Он положил саблю на стол, прислонил к нему щит и двинулся в сторону ночной гостьи, прежде чем понял, что, как только он дойдёт до неё, ему придётся встать с ней рядом. Олрид замешкался, оступился и на мгновение потерял равновесие, совсем ненадолго, этого можно было и не заметить.

Джек заметила, слегка наклонила голову в поддразнивающем жесте. Движение никто бы не заметил.

Олрид заметил.

Смешно, конечно, что они замечали такие вещи друг за другом. Прошло двенадцать лет, слишком долгий срок. Можно было вообразить, что они уже и не знают друг друга вовсе. А причин замечать такие нюансы не осталось. Поэтому он старался не обращать внимание на Джек, пока двигался ей навстречу, даже когда она оставалась стоять на табурете, положив руки на пояс, в ожидании, когда он до неё дотянется.

Нет, не до неё. До него.

До чего он должен был дотянуться?

До горшка с шоколадом.

Он мог достать чёртов горшок с шоколадом, не обращая внимания на Джек. И у него почти получилось. Но потом он оказался прямо перед ней, пытаясь дотянуться длинной рукой до полки. Если бы ему не пришлось маневрировать вокруг Джек, то не пришлось бы так близко к ней наклоняться.

Тогда он мог бы не заметить тепла, которое она излучала, словно солнечный свет. Или её аромат, солнечного света и лимонов. Или звука её дыхания вблизи его уха, пока он изо всех сил пытался схватить ручку проклятого горшка.

Вот. Наконец-то.

Он снял его с полки, намереваясь отступить назад. Чтобы обеспечить дистанцию между ними и забыть все мелочи, прежде чем они воскресят воспоминания, которым лучше оставаться погребёнными.

Они соприкоснулись.

Возможно, он был неосторожен. Потерял равновесие. Может быть, он не оставил достаточно места между ними. Возможно, по его вине они коснулись друг друга, её бархатный лиф задел его рубашку из лёгкой хлопковой ткани, и более грубая ткань платья зацепилась за тонкую материю. Потянула её. Нагрела, а вместе с ней воспламенила Олрида.

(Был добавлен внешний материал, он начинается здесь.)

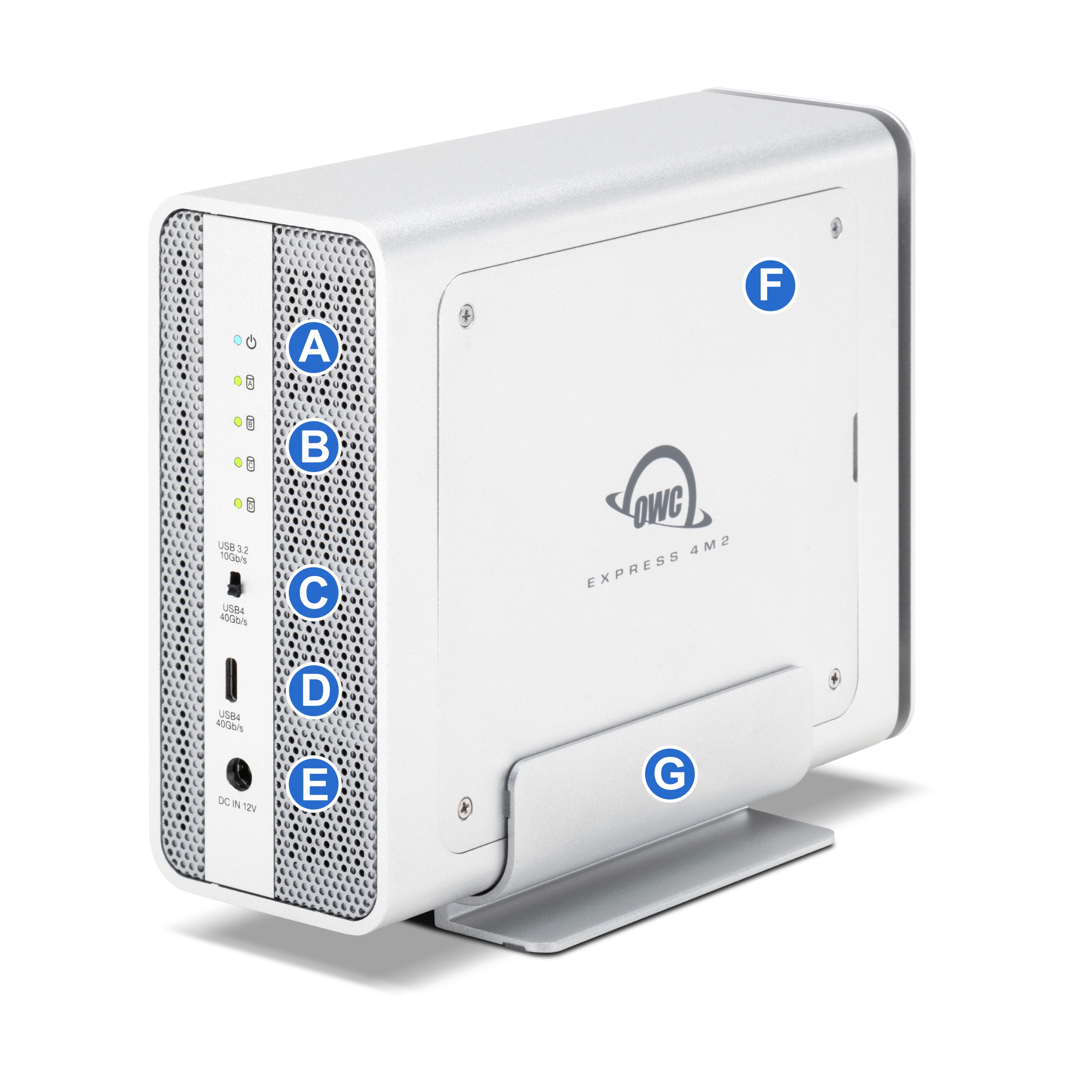 G. Aluminum Vertical Stand - OWC recommends attaching to stabilize the device while on a flat surface.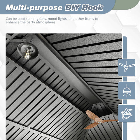 - - With dimensions of 10x12x9.2 feet, the pavilion offers ample space to comfortably accommodate 6–10 people for gatherings, parties, or leisure activities. Ideal for patios, lawns, backyards, and gardens, it serves as a stylish and functional centerpiece for your outdoor living area

Возможно. Он мог бы поверить, что в этом его вина.

Вот только, она вздохнула. И не просто вобрала воздух в лёгкие. А сделала глубокий вдох. Глубже, чем требовалось. Он не смог удержаться и посмотрел в сторону звука, который наделал этот вздох.

Глаза Джек были закрыты. Губы изогнуты. И она выглядела… довольной. Когда она выдохнула, то звук оказался тихим и практически неуловимым.

Олрид ощутил его. Полностью прочувствовав.

Его глаза расширились, челюсть чуть не отпала. Он не мог обуздать ту часть себя, которая стала твёрдой, как сталь. Когда дело касалось Джек, у него это никогда не получалось.

Однако в остальном он мог обуздать себя и делал это с огромной гордостью, будто сражался с батальоном врагов или спасал королеву от нападения. Оба вышеперечисленных подвига осуществить, казалось, намного проще; он попятился от Джек, словно она находилась в огне, резко поставил высокий серебряный горшок с шоколадом рядом со своим осиротевшим мечом и на мгновение задумался, не вооружиться ли вновь. Складывалось ощущение, что его нетрезвая готовность вступить в бой не была бессмысленной, в конце концов, дом находился в осаде.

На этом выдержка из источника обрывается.